Throughout the 20th century, it was clear this promise was not being upheld. After the original Plant Variety Rights Act was passed in 1987, claimants representing various iwi and hapū brought a legal action (Wai 262) before the Waitangi Tribunal, alleging the Crown had failed to respect Māori rangatiratanga over indigenous biodiversity.
After 20 years of weighing evidence, the tribunal published a report in 2011, recommending a “whole-of-government” approach to protect taonga flora and fauna, and mātauranga Māori. This law reform is the most significant legal development to date.
Preventing misappropriation
Legal issues aside, it is important to protect taonga plants and mātauranga Māori for ethical reasons. For years, kaitiaki relationships have been threatened as non-Māori have benefited from the use of indigenous plants and knowledge.
Nurseries and other non-Māori entities have claimed intellectual property rights over improved varieties of taonga species. Examples include harakeke (flax; Phormium tenax), kāpuka (broadleaf; Griselinia littoralis), korokio (wire-netting bush; Corokia cotoneaster), kōwhai (Sophora microphylla), and tī rākau/tī kōuka (cabbage tree; Cordyline australis).
In most (maybe all) cases, kaitiaki do not receive any direct financial or other benefits from the commercialisation and sale of taonga plants where plant variety rights are owned by non-Māori organisations.
Protection under the new act
The reformed act contains several new protections. When plant breeders apply for plant variety rights for taonga plants, they now need to meet certain requirements.
For example, if the breeder is aware that a kaitiaki relationship with the plant has been asserted, the breeder must engage directly with the kaitiaki.
If the kaitiaki finds that granting plant variety rights for the breeder’s variety would have adverse effects on the kaitiaki relationship, the breeder and kaitiaki must agree on how to mitigate these effects.
The law also creates a new Māori plant varieties committee, which holds the power to make binding decisions to nullify or cancel or impose conditions on any grants of plant variety rights for taonga species that may have adverse effects on kaitiaki relationships.
The new protections are commendable, but there are some gaps in the law.
No shared benefits from commercial use
The PVR Act allows plant breeders to bring legal actions against those who infringe their intellectual property rights. But the law does not contain similar enforcement mechanisms where mātauranga Māori is misappropriated.
The act does not require plant breeders who obtain PVR for varieties of taonga plants to share any benefits they receive from commercial uses of these plants with kaitiaki.
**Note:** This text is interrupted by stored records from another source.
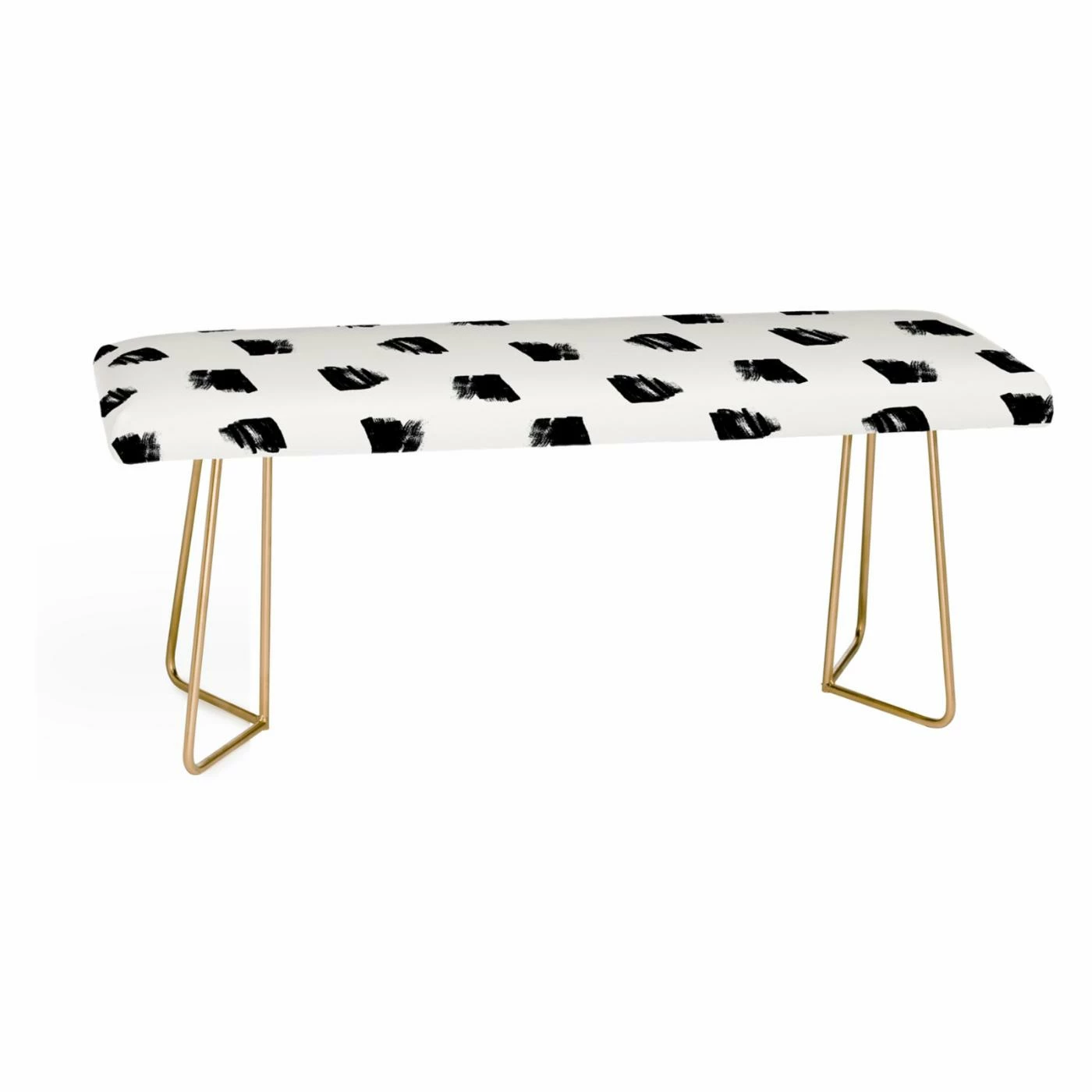 The faux leather seat on your Deny Designs Kelly Haines Messy Dots Bench is printed with bold black and white art by Kelly Haines. Gold toned metal legs are sleek and glamorous. Use this versatile bench around the dinner table, at the foot of your bed, or in the entryway. It’s custom-built in Colorado.
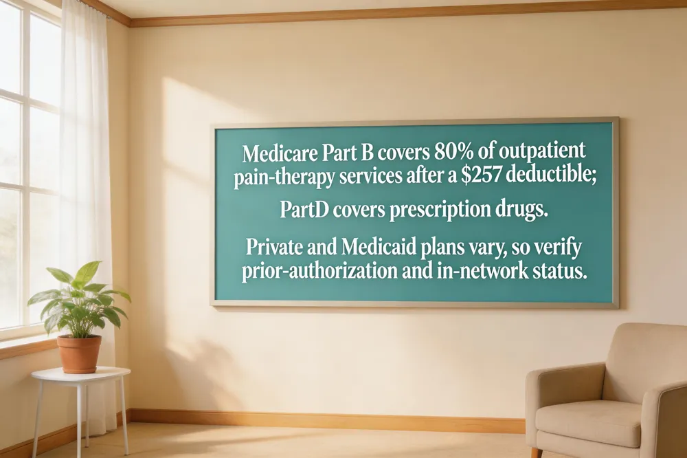 When Medicare pain‑management services are deemed medically necessary, most U.S. health‑insurance plans cover them. Under the Affordable Care Act, essential health benefits include prescription drugs, chronic disease management, outpatient care and mental‑health services, which together fund many pain‑therapy options. Medicare Part B pays 80 % of the approved amount for outpatient services such as injections, physical therapy, acupuncture (up to 12 visits for low‑back pain) and chiropractic care after the $257 deductible, leaving a 20 % coinsurance. Medicare Part D covers prescription pain medications, though copays vary by tier. Medicaid coverage varies by state; core medications and interventional injections are universal, while therapies like acupuncture or CBT may be limited to certain states. Private plans must offer essential benefits, but cost‑sharing—deductibles, copays, coinsurance, and annual out‑of‑pocket maximums—differs widely. Patients should verify prior‑authorization requirements and in‑network status to reduce unexpected expenses.
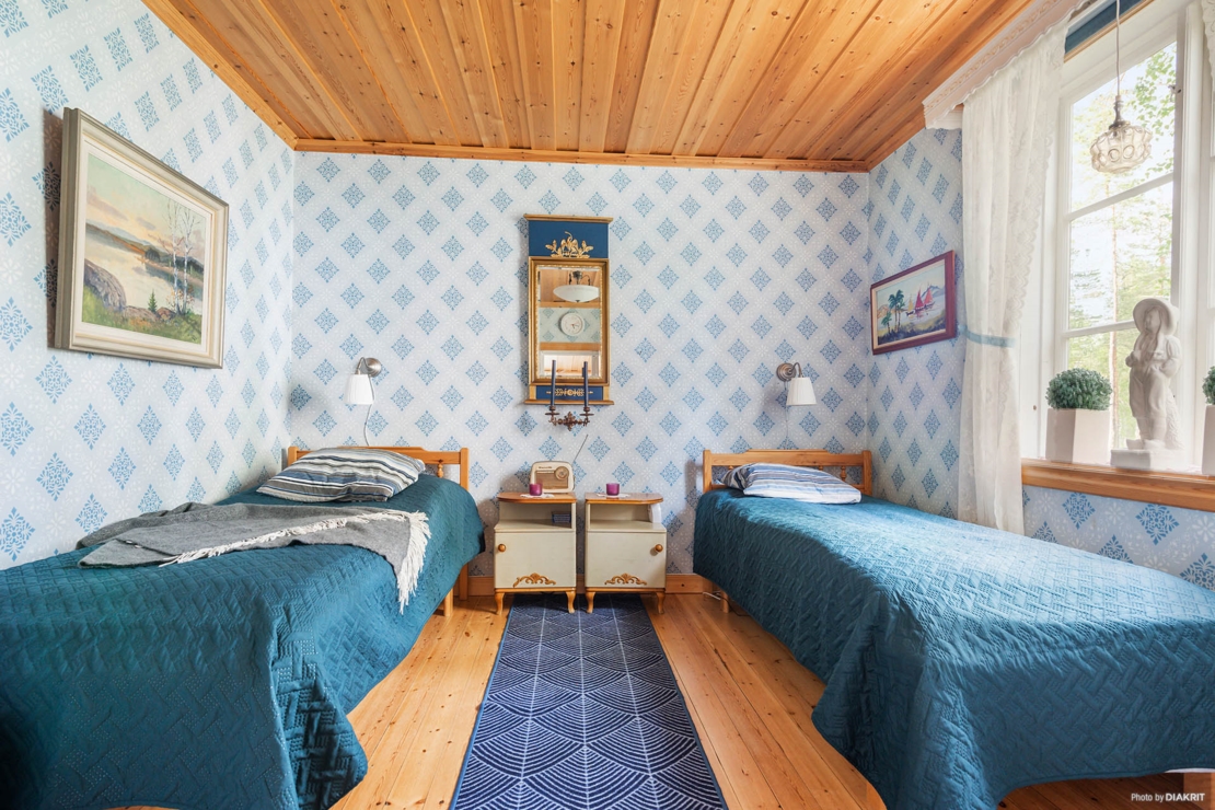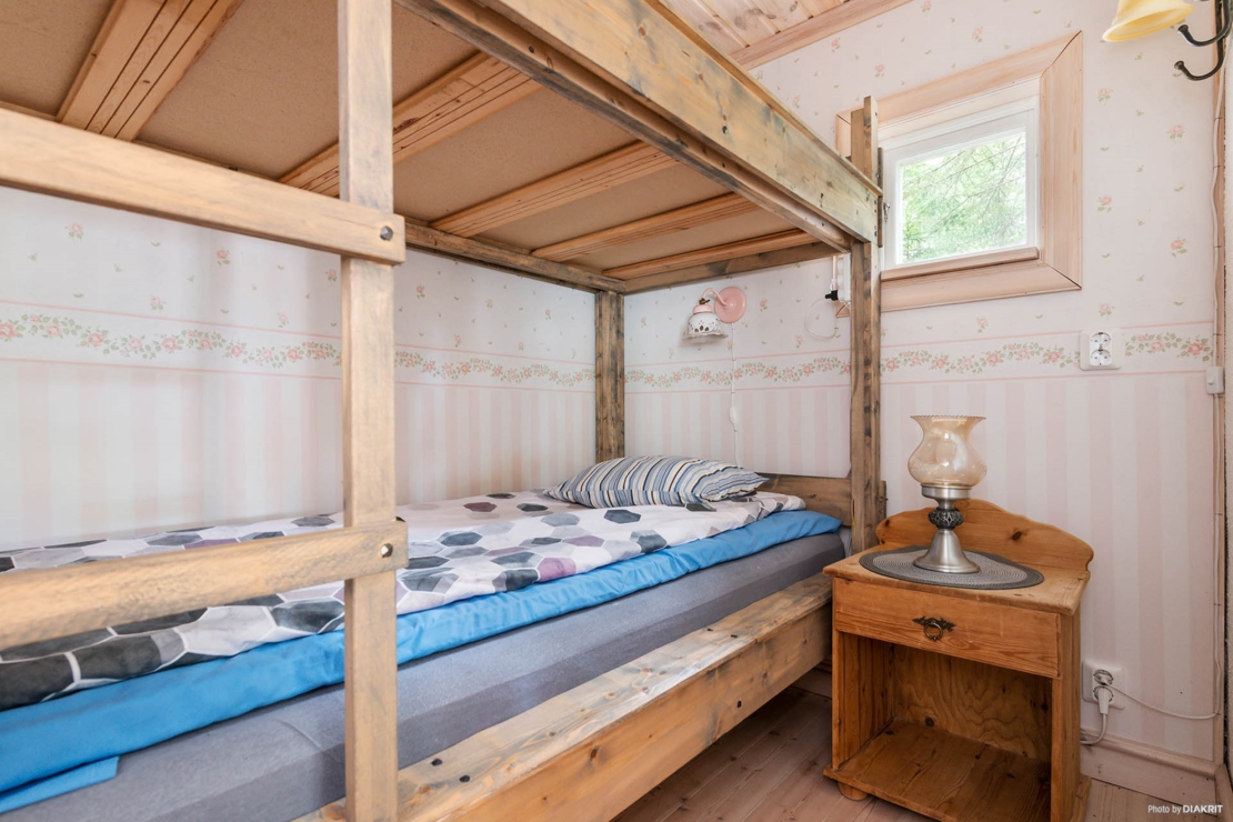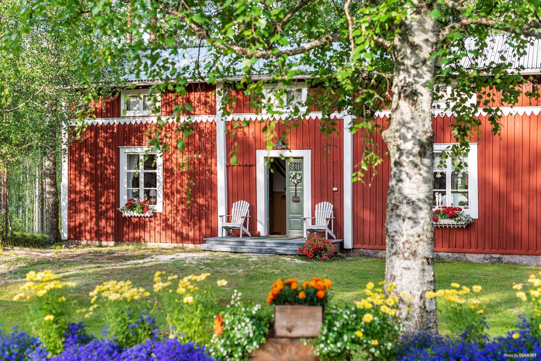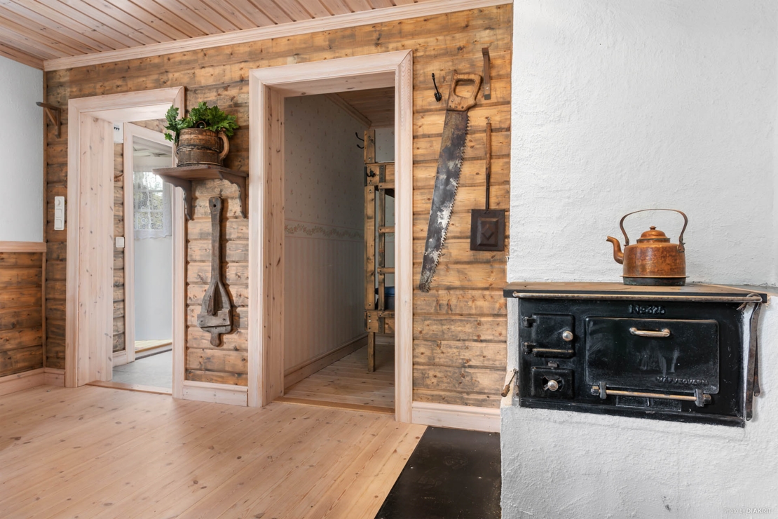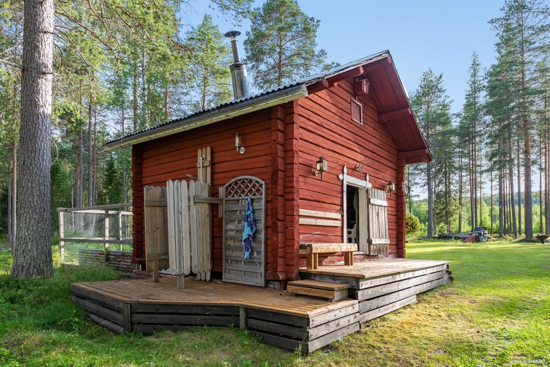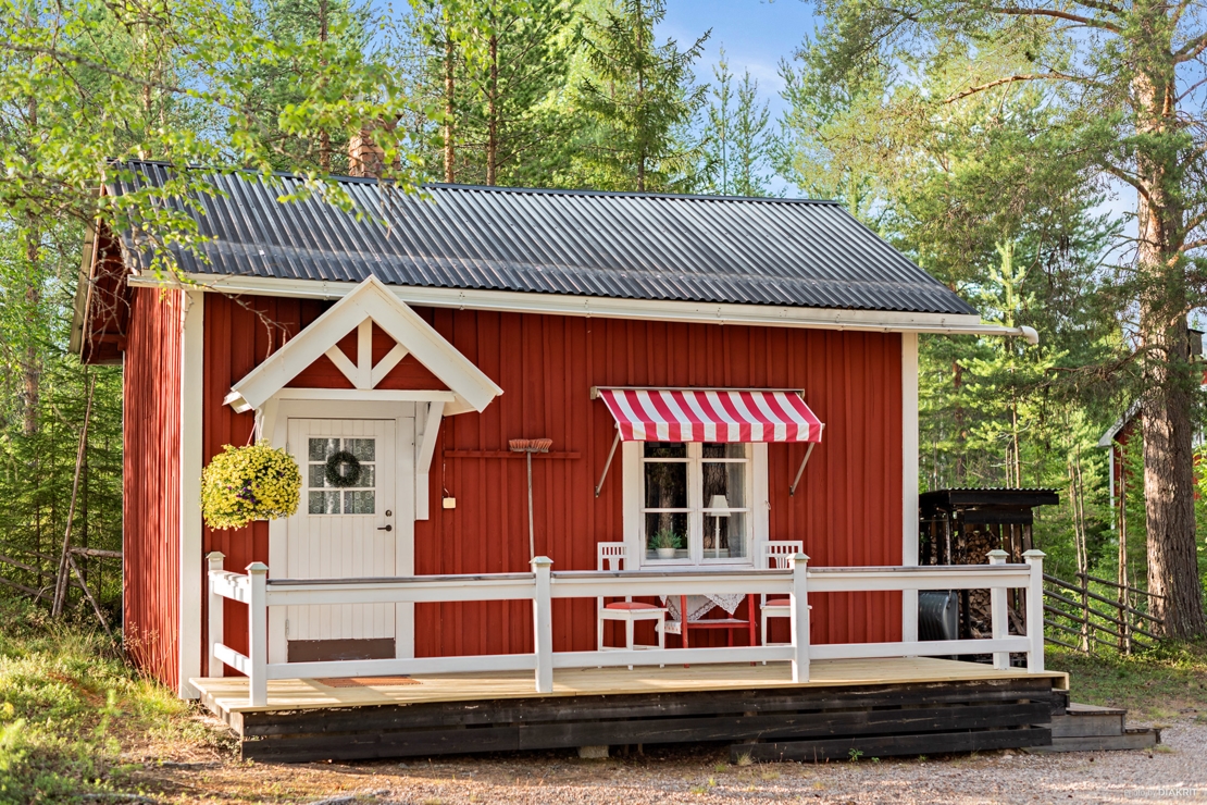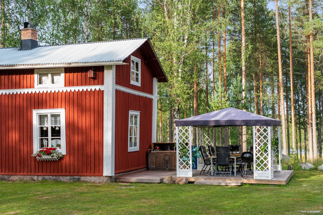Huvudbyggnaden har timrade väggar och består av 2 rum och kök. Alla rum och köket har egna kaminer. Fina handgjorda inredningsdetaljer i alla byggnader. Vidbyggd altan med paviljong och utekök. Från gården har man utsikt över Kalixälven.

Another issue is that the new law adopts the narrow, species-based approach common to intellectual property laws for plant varieties worldwide. The powers of the Māori plant varieties committee only apply to taonga plant species. Kaitiaki have no say over whether exotic plant varieties are introduced into Aotearoa and protected with PVR, which fails to take into account the effects non-taonga plants could have on the whenua (land) and taiao (environment) should they become invasive.
Overall, the reformed PVR Act is an important step in addressing the recommendations of the Waitangi Tribunal on how the Crown should protect taonga plants and mātauranga Māori. But there is still much work to do to ensure that tangata whenua may exercise rangatiratanga over their taonga.
Time will tell whether other proposed changes – such as the development of a stand-alone intellectual property framework for mātauranga Māori and the creation of a bioprospecting regime – are sufficient to fulfil the promises of Te Tiriti.